From the TS Compare it does look like something is off in the model or perhaps the configuration of the tools. Would you be able to provide the workflow and data? It is tough to determine the PDQ values in the ARIMA model without looking at the ACF plot.
Sure -- workflow is attached. I kept digging in on ARIMA modelling after posting that question and added a second ARIMA model -- this time I manually selected Model Customization > Customize the parameters used for automatic model creation > The seasonal components > Alter the degree of seasonal differencing and I at least get a forecast out of the model (the manually adjusted is ARIMA1 and the base is ARIMAAuto in the attached picture), which is nice!
So my question is now a 2 parter:
1. Now that you can see the data in my workflow, any thoughts on what's happening with my ARIMA auto?
2. If there's just an issue with the data and an auto ARIMA can't divine the seasonality, is there any way to manually alter the degree of seasonal differencing in Model Factory? I want to apply this process to multiple units at once but most of what I've read indicates that the Model Factory uses auto ARIMA which isn't helpful given my issue, so being able to adjust the seasonal differencing to at least get a forecast seems like it could be useful
To answer your first question, the ARIMA tool in Alteryx uses the R function auto.arima() when choosing the the order of AR, the order of MA, and the degree of differencing.
Per the documentation for this function: "The number of seasonal differences is sometimes poorly chosen. If your data shows strong seasonality, try setting D=1 rather than relying on the automatic selection of D." auto.arima() documentation
This is actually what you did in the "ARIMA1" model when you set the level of seasonal differencing = 1!
So, when we look at the "ARIMAAuto" model, which uses default settings, the tool chooses an ARIMA(1,0,2)(0,0,0,) model. The fact that there is no differencing doesn't bode well when modeling data that has the amount of seasonality in your data, which is why the "ARIMAAuto" model performs poorly.
However, when we look at the "ARIMA1" model, where you set the level of differencing to 1, we see that it lands on an ARIMA(0,1,1)(0,1,0) model. Forcing one level of differencing allows the "ARIMA1" model to account for seasonality and produces much better results.

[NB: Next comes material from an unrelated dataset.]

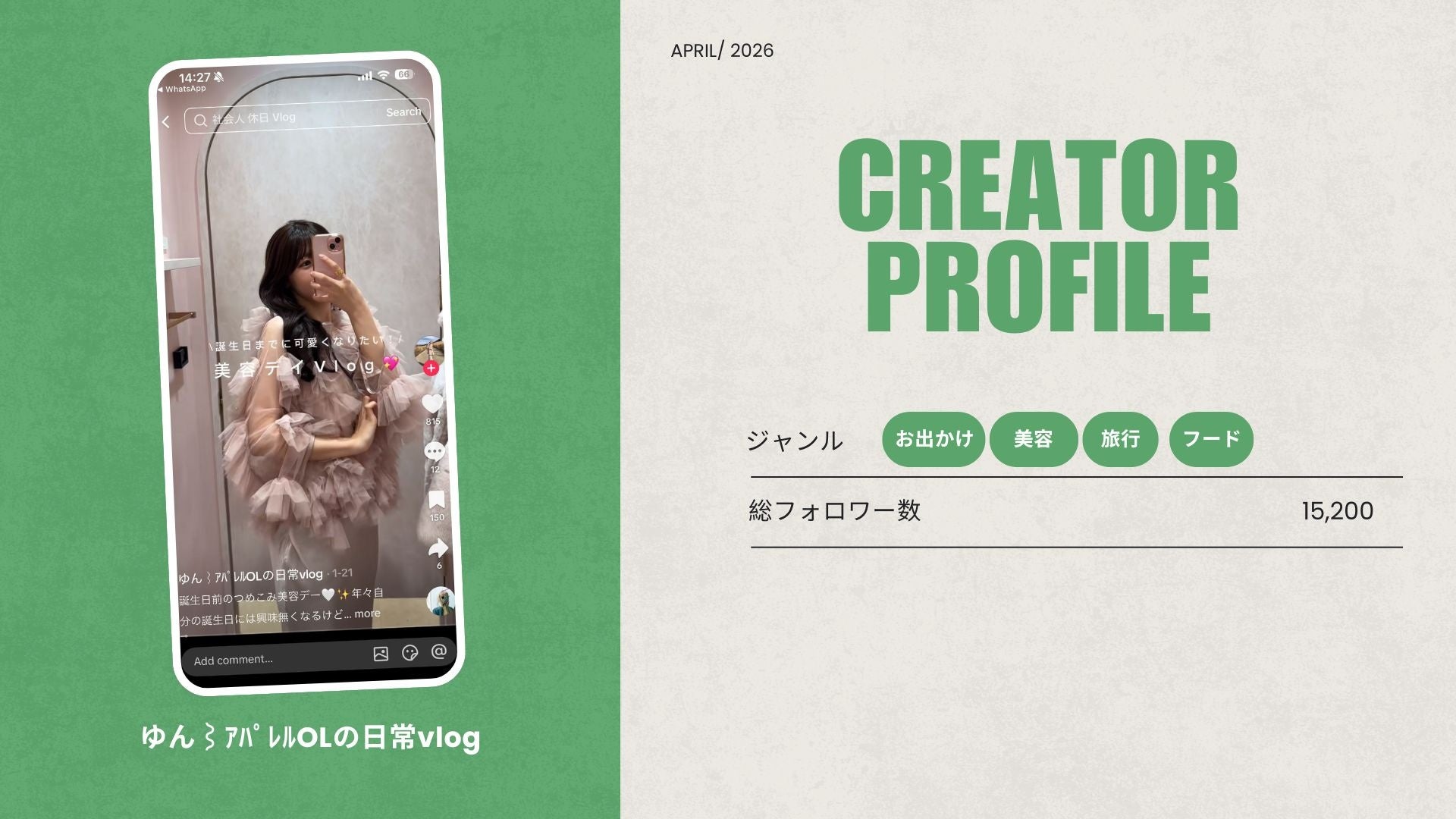 ショート動画取材班に「ゆん⌇アパレルOLの日常vlog」が新たに加盟

To answer your second question, at the moment, that feature is not present in the model factory. So if you want to force differencing to multiple variables, you will need to bring in an ARIMA tool for each one. This seems like it would be a useful feature, as it was mentioned here as well, so feel free to request it here.
I read you reply on this post while searching for a solution to a Time Series Prediction problem that I am working on at the moment. I am currently working with a dataset that has Sales in $ for 192 Retail Stores.
At the moment, I am at the cross-roads and not able to decide how to determine the right set of values (P,D and Q) for the ARIMA tool to model the seasonality and non-seasonality in the data.
For my first run, I had set the Level of Seasonal Differencing to 0 and the and the Maximum order of AR and MA for Seasonality were set to 1 and 1. This resulted in predictions which were same across the forecast periods for the some of the Retail Stores. I did not feel comfortable with this output since the predictions for future forecast periods for few retail stores were exactly same.
Later I changed the Level of Seasonal Differencing to 1 and this resulted in Sales predictions that were varying in $ for forecast periods. The new outputs seemed better at a first glace since they atleast showed some variation with the forecast periods. However, this change increased the summation of the magnitude of the error for the entire set of retail stores. At an individual retail store level, errors in prediction went up for some of the stores while for others it came down.
With this background, I am requesting suggestions on how to determine the right set of Seasonal and Non-Seasonal components to make predictions for a heterogenous dataset that has time series Sales data for 192 retail stores.